- Born: Alberto Sonsol Cohen November 26, 1957 Montevideo, Uruguay
- Died: March 25, 2021 (aged 63) Montevideo, Uruguay
- Resting place: Israelite Cemetery of La Paz
- Occupations: Sports journalist; sportscaster; television presenter; broadcaster;
- Spouse: Patricia Datz
- Children: 3

= Alberto Sonsol =

Uruguayan journalist (1957–2021)

Alberto Sonsol Cohen (November 26, 1957 – March 25, 2021) was a Uruguayan sports journalist, sportscaster and television presenter.

== Early life ==
Alberto Sonsol was born on 26 November 1957 in the Palermo neighbourhood of Montevideo, to David Sonsol and Leonor Cohen, both of Jewish descent. His paternal grandfather, an Ashkenazi Jew whose surname was Schonsho, was the first member of the family to arrive in Uruguay; the surname was reportedly misrecorded by a customs official upon his arrival and thereafter remained Sonsol.

Sonsol attended the Instituto Yavne. In January 1984, he emigrated to Israel, where he worked as a waiter in an Argentine restaurant in Tel Aviv. Later that same year, however, he returned to Uruguay, where he began working as a sports journalist.

== Career ==
He began his career as a basketball announcer in 1984. A year later he reported his first full match for Radio Universal. Since the 1990s, he was a panelist on the program La Hora de los Deportes aired on National Television. However, during his 35 years in the media, he hosted the program 6.25 Basketball on Teledoce, and until 2017 he was a sports journalist and was in charge of sports commentary on Radio Sarandí Sport 890.

From 2015 to 2020 he presented the Uruguayan version of the Israeli format Raid the Cage, entitled Escape perfecto and aired on Channel 10. He was accompanied by Annasofía Facello, who also co-presented the spin-off featuring celebrities, along with Claudia Fernández. From 2020 until his death, he was part of Punto Penal and the Polémica en el bar Uruguay program panel. He also was the presenter of the sports section in Subrayado, the news division of Channel 10.

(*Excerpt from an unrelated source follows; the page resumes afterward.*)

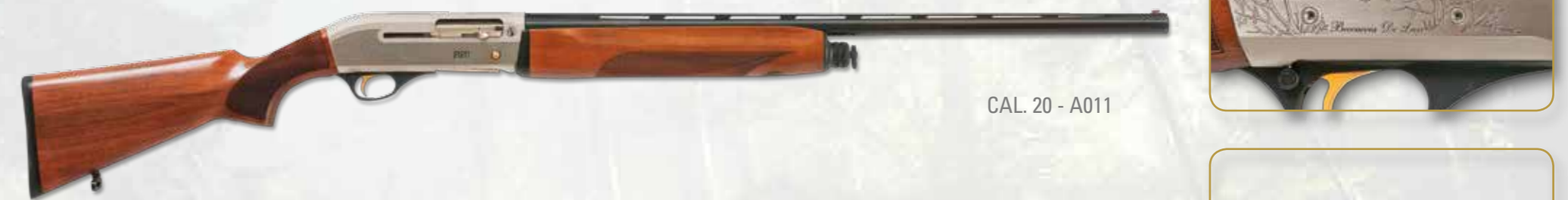
CAL. 20 - A011

From February 2021 until his death, he was part of the cast of the comedy programme La Peluquería de Don Mateo. Following his death, he was replaced by Sebastián Almada.

== Accolades ==

- 2016: Golden Iris Award and Best Male TV Presenter
- 2017: Iris Award for best radio sportscaster

== Personal life ==
He was married to Patricia Datz, with whom he had three children: Diego, Alejandro and Micaela Sonsol. Alejandro "Lali" and Diego also work in the media, as sportscasters and presenters.

=== Death ===
On March 12, 2021, it was announced that he had contracted COVID-19. On March 16, he was hospitalized at the British Hospital of Montevideo, after a low level of oxygen was detected in his blood, and four days later he was transferred to the ICU due to worsening symptoms. He died on March 25, 2021, at the age of 63. He was buried on April 2 in the Israelite Cemetery of La Paz. Due to the restrictions due to the pandemic, a funeral was not held, but a funeral procession was held from Club Atlético Atenas, of which Sonsol was a supporter, to the Centenario Stadium.